In Denmark, anyone with hearing loss that requires treatment is entitled either to receive hearing aids through the public healthcare system or to choose an approved private provider with public funding support.

In 2026, public funding for hearing aids is available at up to DKK 4,497 for the first ear and up to DKK 2,437 for the second ear. These amounts are typically reviewed and adjusted approximately every two years. As a general rule, patients become eligible for new public hearing aids or renewed public funding after four years, unless special circumstances apply. State pension recipients and individuals awarded a disability pension before 2003 may, in certain cases, also be eligible to apply for additional healthcare benefits through their local municipality.
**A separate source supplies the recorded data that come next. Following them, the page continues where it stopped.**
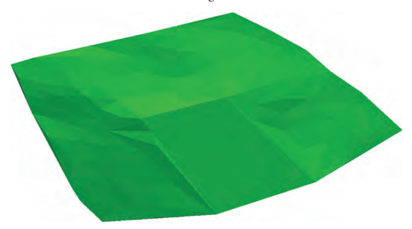
Figure 1: Visualization of the terrain model.

Hereafter, as the input data, we used data from the terrain model, building units and utilities converted to JSON documents. Figure 1 shows the terrain model which has a small valley prepared for building infrastructure and which is built from the 237 triangles.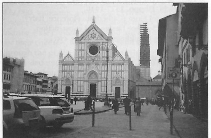
Santa Croce, church in Florence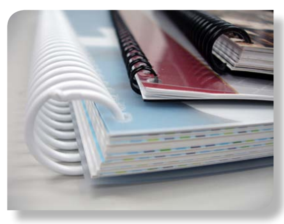
Double-O wire and spiral coil binding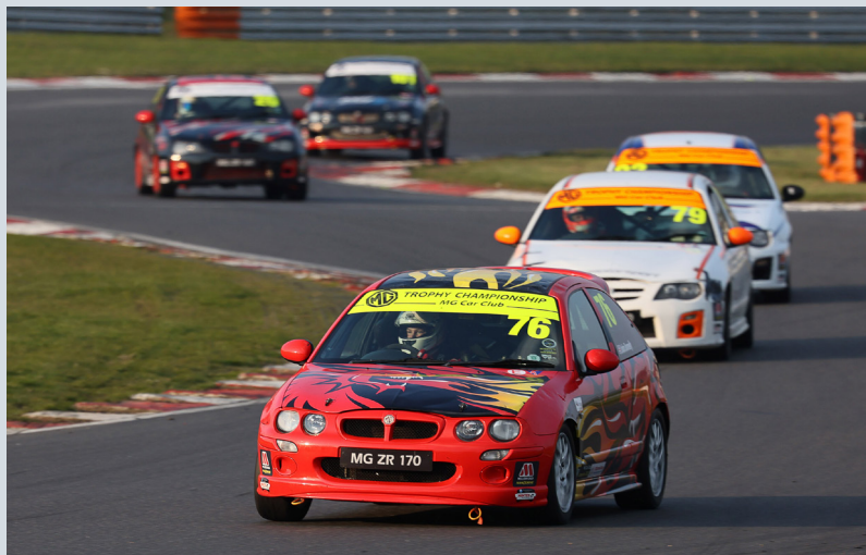
Grid Positions &amp; Results - Race 3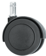
Premium hard floor caster. Hooded. 2.5" dia.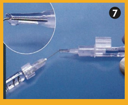
Apply a viscoelastic solution** through the tip of the cartridge to entirely fill the cartridge and the tunnel. The system is ready for injection (do not advance the lens into the tunnel).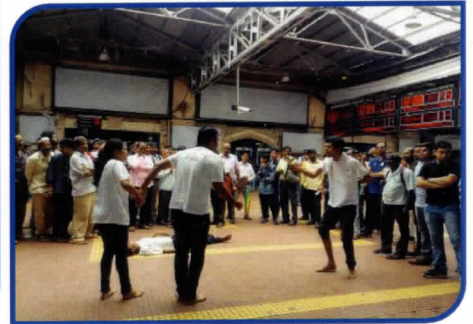
Street Play at CST Station, through Smita Patil Theatre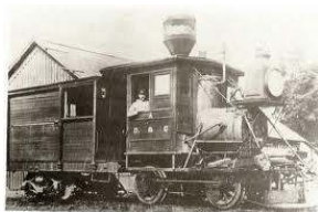
O & C Train

The first official train arrived in Grants Pass, Oregon on December 2, 1883. 1&2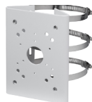
PFA150 Pole mount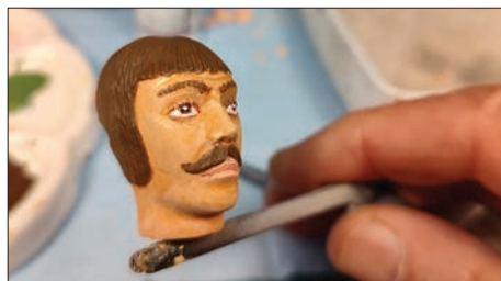
Facial details stretch any modeler's skills.

MIG AMMO has good videos for using the Flesh Tones Set on their website. Use light coats and blend the shades for more realism. Everyone's flesh has different shades. The Transparator excels at turning the paints into transparent colors to make blending easier. This is also more forgiving of too much or not enough paint in a spot. The set worked well for both skin and hair.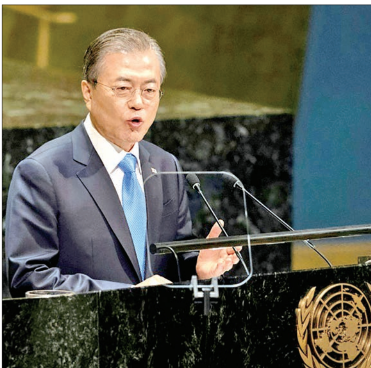
South Korean President Moon Jae-in laid out his rosy vision for the last Cold War frontier in an address to the UN General Assembly.

NEW YORK—South Korean President Moon Jae-in on Tuesday proposed that the United Nations create an “international peace zone” to replace the peninsula’s divide, saying the idea would both reassure the North and inspire the world.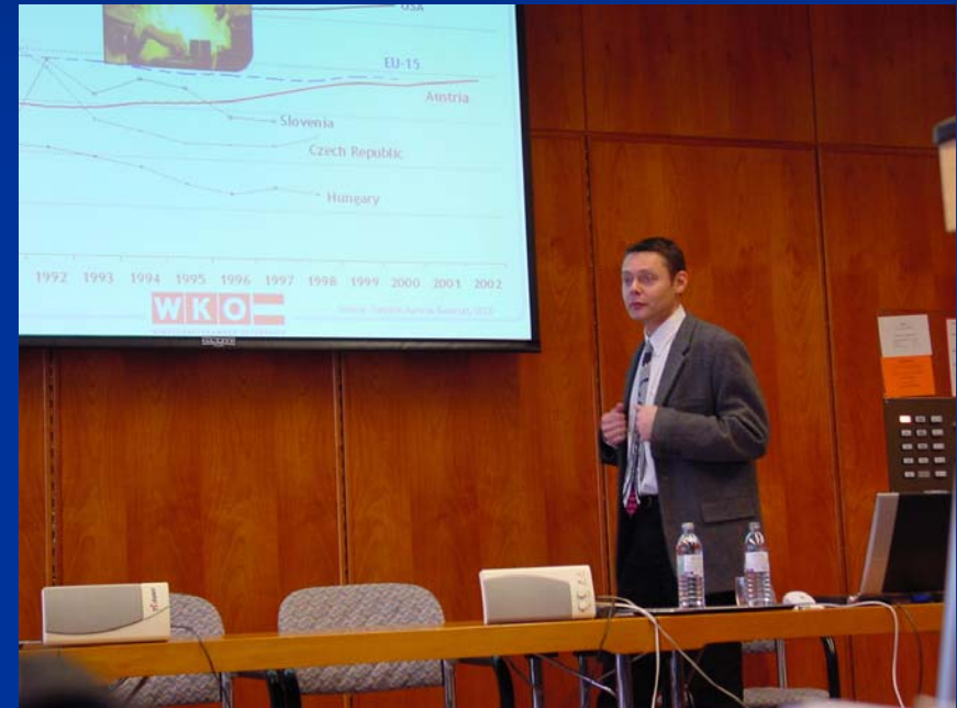
Meetings at Trigranit Development Co., Budapest, and Austrian Economic Chamber, Vienna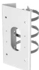
DS-1475ZJ-SUS Vertical Pole Mount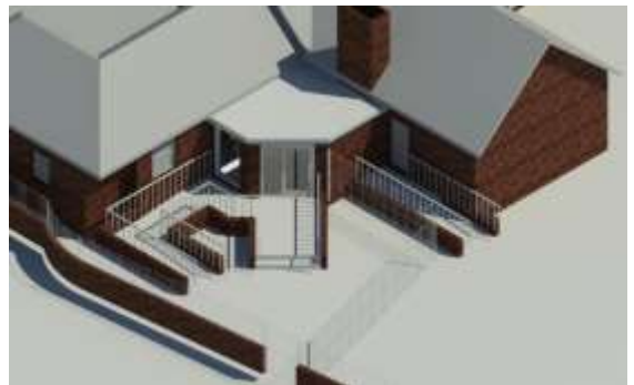
The improvements at the front of the site

I'd like to re-issue my invitation to any residents who would like a tour of West Felton CofE Primary School so that they can further their understanding of our site, our needs and our actual hopes for the future.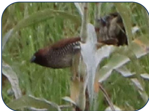
Figure 5 : Scaly-breasted munia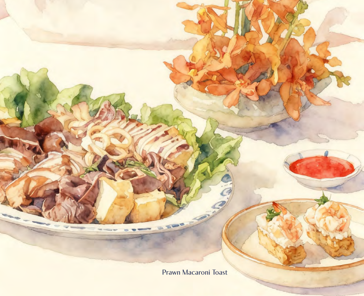
Prawn Macaroni Toast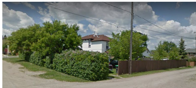
Figure 1 & 2: Current Property, Existing house to be demolished.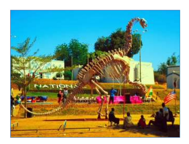
Jobaria skeleton in Niamey

sickle-clawed spinosaurid dinosaurs. These two had to keep an eye out for the world's largest croc, dubbed "SuperCroc," a 12 m (40 foot) long crocodile that prowled the rivers. These are but a few of the paleontological treasures unearthed in Niger and waiting for proper display.

At Rhino Hearing Clinic, we also provide guidance on public funding for hearing aids and the treatment options available within a specialised Ear, Nose and Throat (ENT) environment as an integrated part of Rhinoklinikken Private Hospital.

In addition, Sygeforsikringen “danmark” offers financial support for hearing aids purchased in Denmark through an approved private hearing care provider. The amount available depends on the member’s category and length of membership. According to the organisation’s current rules, specific reimbursement limits apply within a 12-month period, and higher levels of support may be available for members who have remained in the same membership group for an extended period.

For this reason, funding options should always be reviewed individually so that patients have a clear understanding of the overall financial aspects of treatment.